Records for this task Block Start
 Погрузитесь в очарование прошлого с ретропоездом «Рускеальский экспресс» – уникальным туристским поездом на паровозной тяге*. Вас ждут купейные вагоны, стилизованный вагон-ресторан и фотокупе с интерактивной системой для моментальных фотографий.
Records for this task Block End
Records for this task Block Start
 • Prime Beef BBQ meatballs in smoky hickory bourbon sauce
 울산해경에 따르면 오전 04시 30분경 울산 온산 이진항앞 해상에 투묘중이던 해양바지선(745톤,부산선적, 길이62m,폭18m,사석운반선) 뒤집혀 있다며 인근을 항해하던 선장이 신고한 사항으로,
Records for this task Block End
[Problem to solve]:
Repeat, word for word, the lines above between the line holding "hickory bourbon sauce" and the line holding "울산해경에 따르면 오전", inclusive; omit everything else.

[Answer box]:
 • Prime Beef BBQ meatballs in smoky hickory bourbon sauce
 울산해경에 따르면 오전 04시 30분경 울산 온산 이진항앞 해상에 투묘중이던 해양바지선(745톤,부산선적, 길이62m,폭18m,사석운반선) 뒤집혀 있다며 인근을 항해하던 선장이 신고한 사항으로,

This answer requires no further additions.